- Developer: Foulball Hangover
- Publisher: Foulball Hangover
- Programmer: Max Hayon
- Engine: Unreal Engine 4
- Platforms: Windows; PlayStation 5; Xbox Series X/S;
- Release: May 8, 2020 Playstation 5, Xbox Series X/SWW: May 8 2026; ;
- Genres: Sandbox, Construction and management simulation

= Hydroneer =

Hydroneer is a 2020 mining sandbox video game developed by British indie video game studio Foulball Hangover. It was released onto Steam on May 8, 2020, and on the PS5 and Xbox Series X/S on May 8, 2026, on the game's sixth anniversary.

==Gameplay==
Hydroneer is a physics-based sandbox mining simulation game in which players build and manage an increasingly automated excavation operation in a small open world. Gameplay centers on extracting soil, processing it to obtain valuable resources such as gold, iron, and gemstones, and reinvesting profits into progressively more advanced tools, machines, and infrastructure to expand efficiency and scale.

At the start of the game, players are provided with a basic plot of land, a nearby water source, and simple hand tools, including a shovel, a pan or bucket, and rudimentary equipment for washing and sorting dirt.
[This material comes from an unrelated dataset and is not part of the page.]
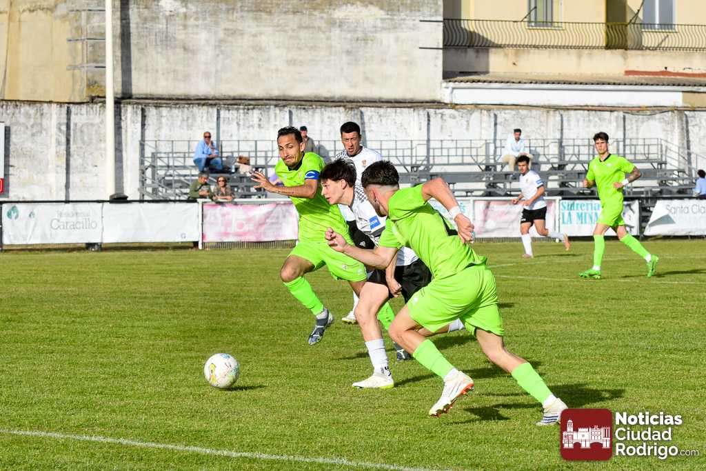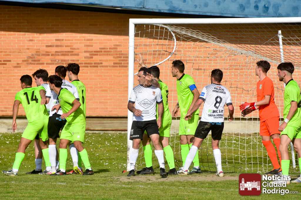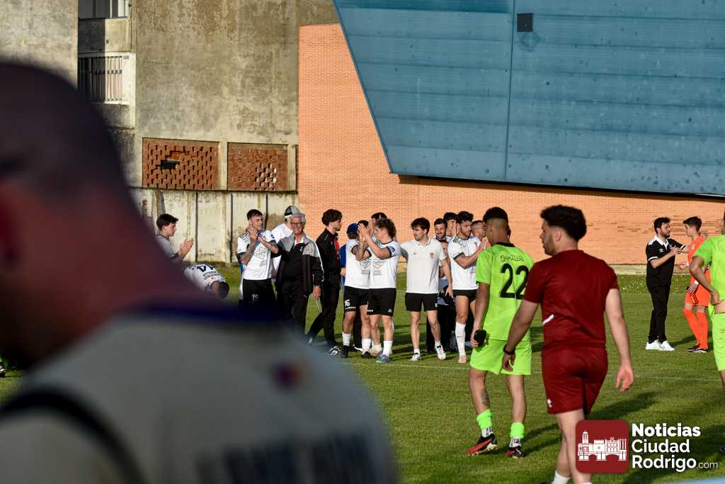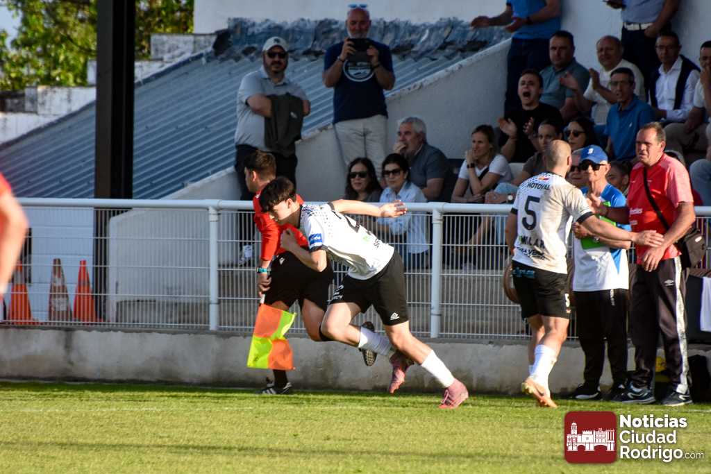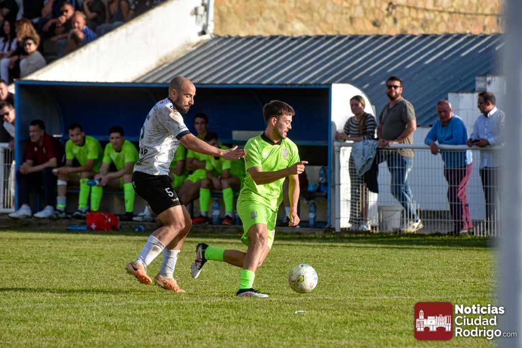 Ya en la segunda mitad salió el Ciudad Rodrigo CF más decidido a por el partido, dando entrada a Diego Astu por Dani Crespo en el descanso, quién tras solo 3 minutos sobre el verde anotaría el 2-0 tras vencer en el mano a mano al meta charro. El gol, curiosamente, aplomó mucho al Ciudad Rodrigo CF durante toda la segunda mitad, teniendo mayor iniciativa un Helmántico que está en una situación límite por la permanencia, aunque sin llegar a generar apenas algún tiro a puerta.

Early progression is slow and largely manual, requiring the player to dig by hand, transport soil containers, and repeatedly wash and sift material to uncover small quantities of ore and gems. The game has no inventory system and players are required to move items around using only their hands. As income increases, players can purchase new parcels of land, water intake pipes, and powered devices, allowing for more efficient extraction and processing of resources.

==Development==

Developer Foulball Hangover is based in the United Kingdom. The game received a creative mode feature in an update on November 4, 2021.

Multiplayer mode was added in an update on 2022. An expansion called "Journey to Volcalidus" was released in April 2024, adding a new area and town, as well as a new vehicle and mining mechanics.

It eventually sold over 500,000 copies.